All of that notwithstanding, just about anything will be better than using the same password at every site.
- Charlie B
  
  30 passwords you can’t remember aren’t better than one you can.
  - http://www.aarongilliland.com/ Aaron Gilliland
    
    “It depends.”
    
    If the one you can remember is for a password manager and the ones stored in the password manager are long, random, and unique, then you’re doing well.
    
    If you’re using the same ultra-memorable password on every site, one breach exposes everything.
    
    The intersection of security and human factors is a series of trade-offs.
    - Daemonworks
      
      On the other hand, if the password manager’s data file ever gets corrupt, or the HD crashes or whatever, you’re looking at having an annoying time getting back into everything.
      - http://www.aarongilliland.com/ Aaron Gilliland
        
        True.

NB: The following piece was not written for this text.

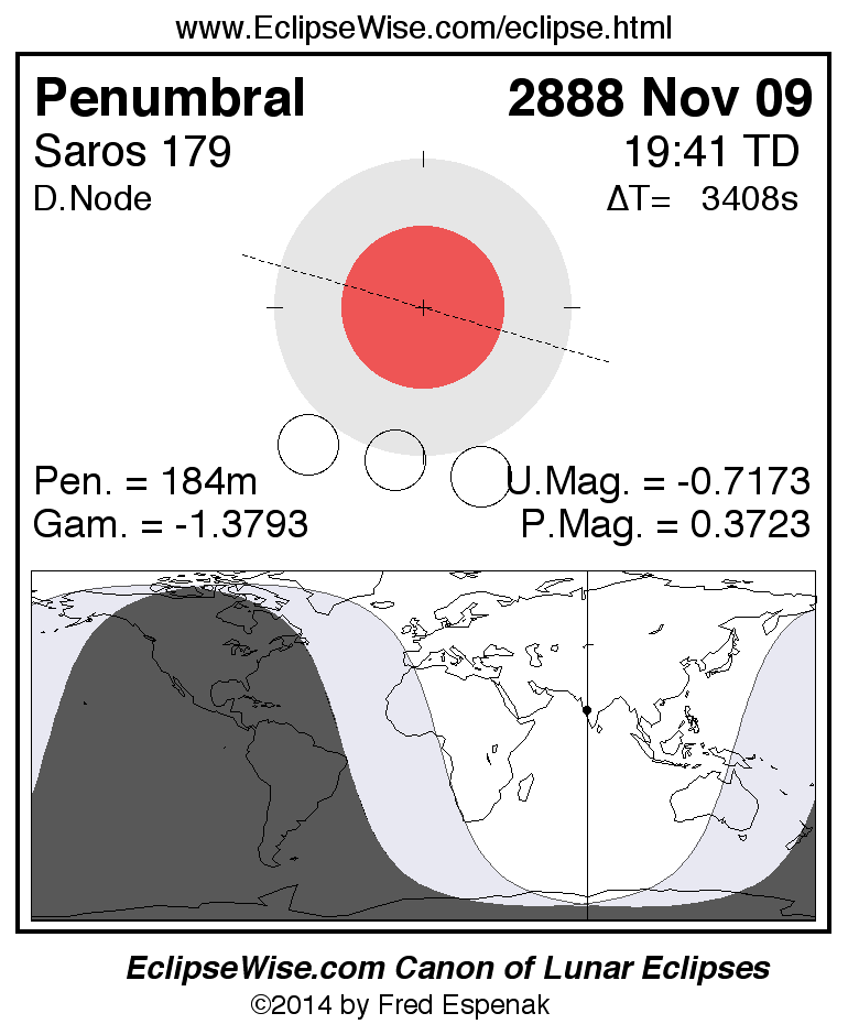 Another lunar eclipse occurs one synodic month before the 2888 Nov 09 eclipse. It is the penumbral lunar eclipse of 2888 Oct 11.

It’s a question of Things You Can Control vs. Things You Can’t Control. Making 5 backups on 5 physically separate devices is easier than policing user data protection at your 20 favourite websites.
    - Charlie B
      
      I was talking about important passwords, like for BGP routers and certificate issuance. Website passwords aren’t really important, in the relative scheme of things; I can always make a new one of those, even for a bank site.
      
      If anyone gets even one of my important passwords, they can do so much damage it really won’t matter if they get more than one. If you are on fire and you can’t put it out, does it matter if you have an extra ounce of parafin in your pocket?
Daemonworks

Relatively simple solution: don’t use english.
- solstone
  
  Good advice, but also don’t use just one other language. And for extra points use the names of obscure fictional characters or other fictional details, again not just from one source. Mix together and liberally l33t it up.
- ujin
  
  Finally a good use for my Esperanto lessons!
- Wreckrob8
  
  That’s what I do but the more obscure the language the better and only one phrase in each language. Then all I have to do to associate any particular password/passphrase with a particular account is number them 1 = Hungarian = ……. 2 = Georgian = ……. and so on. It helps if you were a bit obsessive as a kid and read grammars for fun (maybe I was just weird).
- digi_owl
  
  https://en.wikipedia.org/wiki/Code_talker
Fex

“The results are discouraging: by our metrics, even 5-word phrases would be highly insecure against offline attacks, with fewer than 30 bits of work compromising over half of users.”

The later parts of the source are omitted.